This repository is still in development
The testing of R implementation of functions provided in the Python version is ongoing. This package is not fully documented yet. Please share any problems you encounter in the documentation or functionality of the code as an issue on GitHub. Thank you for your patience.
Contributions to the R implementation via pull request are welcome.
DoubletDetection is an R implementation of a package to detect doublets (technical errors) in single-cell RNA-seq count matrices.
To install DoubletDetection in R:
if(!require(devtools)){
install.packages("devtools") # If not already installed
}
devtools::install_github("TomKellyGenetics/DoubletDetection", ref = "r-implementation")
To run basic doublet classification:
library("DoubletDetection")
clf <- BoostClassifier$new()
# raw_counts is a genes by cells count matrix
labels = clf$fit(raw_counts)$predict()
raw_counts
is a scRNA-seq count matrix or data.frame (genes x cells).
Note that the dimensions of input matrix differs from the Python version.
labels
is a binary numerical vector with the value 1
representing a
detected doublet, 0
a singlet, and NA
an ambiguous cell.
The classifier works best when there are several cell types present in the data. Furthermore, it should be applied individually to each run in an aggregated count matrix.

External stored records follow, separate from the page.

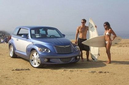 Designed with the average surfer in mind, the exterior of the California Cruiser exuded a laid-back yet stylish vibe. One distinct feature was the fog lamps, adding a unique flair to the design. While bearing resemblance to the PT Cruiser, the California Cruiser introduced new elements such as an arched headlight cutout with a distinctive tooth at the bottom and a chrome radiator grille.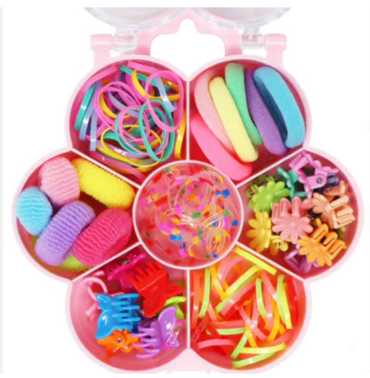 Pink Poppy’s Flower Hair Accessory Set is a fun and playful way to cater for any occasion! Packed in a cute flower-shaped gift box, the set includes a colourful range of elastics and claw clips. Ideal for gifting, this trendy, fashionable accessory set is crafted from high-quality materials.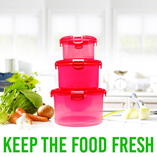 - ★ 18 PIECE SET : 3 different CIRCLE SHAPED sizes, capacities & colors, 3 X 1850ml [62.5 Oz] 3 X 1150ml [39 Oz] & 3 X 600ml [20 Oz], Offering great ease to organize. Ready to serve your kitchen needs for a lifetime without Any worry of discoloring or any kind of toxic side effects of the material. Different sizes are perfect for a variety of food from salads to soup etc. IT’S FRUSTRATING TO THROW AWAY LEFTOVERS BECAUSE OF THE LACK OF HAVING THE OPPORTUNITY TO KEEP THEM FRESH & DELICIOUS.

These functions and methods (for the Reference Class) have been documented and can be accessed in the R help system. A vignette will be prepared using Rmarkdown in due course.

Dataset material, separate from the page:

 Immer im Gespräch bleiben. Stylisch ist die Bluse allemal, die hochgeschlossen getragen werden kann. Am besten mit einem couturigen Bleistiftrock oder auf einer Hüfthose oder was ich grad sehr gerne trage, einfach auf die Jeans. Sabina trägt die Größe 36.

For the Python implementation, see the original repository: https://github.com/JonathanShor/DoubletDetection
See their jupyter notebook for an example on 8k PBMCs from 10x.
Data can be downloaded from the 10x website.
Please cite the R implementation as an R package using citation(DoubletDetection)
.
Adam J. Gayoso, Jonathan D. Shor, Ambrose J. Carr, and S. Thomas Kelly (2018). DoubletDetection: a package to detect doublets (technical errors) in single-cell RNA-seq count matrices. R package version 2.3.0 https://github.com/TomKellyGenetics/DoubletDetection"
Please acknowledge the original contributors when using the R implementation.
bioRxiv submission is in progress. Please refer to the Python Repository https://github.com/JonathanShor/DoubletDetection) for more details.
This project is licensed under the terms of the MIT license (in accordance with the license of the original repository).